I made 12 different flavors of cookies and put them in a beautiful red box. Both the buyer and I fell in love with the concept of cookie dough, because everyone loves a warm, fresh baked treat. He said, no one's built the next brand name that stands for natural in cookie dough.
And then he call me the next day, after he met with the rest of the buyers and the team and he said, Loren, everyone loved it. I told him it would take a month, and of course it took seven months to find a factory designed packaging, scale up recipes, you know, figure out how to really go from my kitchen to a packaged product. Loren says she used $25,000 of her personal savings to start her company.
In 2011, the first five flavors of packaged cookie dough hit the shelves at Whole Foods in New York's Columbus Circle -- Chocolate Chunk, Oatmeal Cranberry, Brownie Batter, Peanut Butter Oatmeal, and Espresso Chocolate Chunk. If someone like Whole Foods is ready to trust me and to place an order for my cookie dough, then I have to be all in and ready to show up 100%. I'm the one who's going to either make this work or not.
Loren's company faced many obstacles in its early years. I was the only employee for the first couple of years, and I was just exhausted trying to figure out where the best factories were, how to come up with new flavors, how to think about growth, how to get into more supermarkets. Those were the really challenging, hard years of figuring out how to get to scale, how to prove our concept not just in natural, better for you supermarkets, but in mainstream grocery.
The company has decided to switch factories five times over the years to meet its needs. I realized packaging needed to improve and get better and to get into other supermarkets. I needed to really look like the packaging of the big guys that were on the shelf.
It's so competitive in a supermarket, you have to be able to grab someone's attention and say what you're about and what your most important attributes are in three seconds. In April 2016, Sweet Loren's was able to attain national distribution at Publix and later on at Kroger the same year in August.
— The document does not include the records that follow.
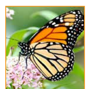
MARI Monarch Butterfly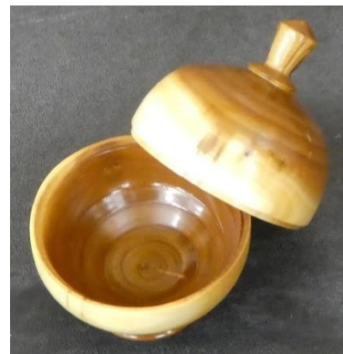
15. Inside detail of cherry covered dish by Bill Kalb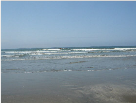
I took many pictures of the Ocean

Both Publix and Kroger really kind of helped us launch nationally and prove the concept in conventional supermarkets.
And so through that distribution, I was able to start really growing the company. After listening to customer feedback and making many minor tweaks to the recipe, Sweet Loren's changed the nutrition of its whole lineup starting in April 2018. All of the company's products were vegan, gluten free, and allergen free.
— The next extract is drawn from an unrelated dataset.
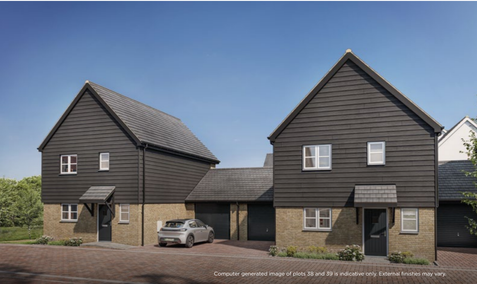
Computer generated image of plots 38 and 39 is indicative only. External finishes may vary.

We were really different than anything else in the supermarket, and we could raise our price point so that we could afford our cost of goods and these more expensive natural ingredients, but also have a healthy margin. From that moment on, Sweet Loren's was profitable and healthy, and we could sustain our own growth. And I never had to raise a big VC or private equity funding.
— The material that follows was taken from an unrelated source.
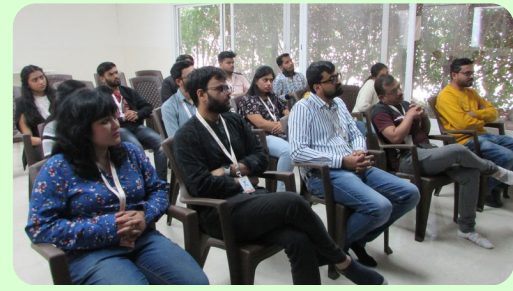
As part of its 10th Foundation Day celebrations, a team of volunteers from Confluxys Pvt Ltd visited Marunji

Loren's company, which today has 24 employees, is projecting $120 million in gross sales for 2025. I think what we've done really well is focus on one product for a long time. We focused on cookie dough for a decade.
I could cry thinking about. . .
Sorry. . .
The positive impact that Sweet Loren's has had. It's it's the reason I get emotional. But from day one of launching, I've gotten hundreds.
Of messages from people that have said it's just changed their life. And I don't feel like we're selling another product or cookie. I just really feel like we're creating a lifestyle for people that makes them feel their best.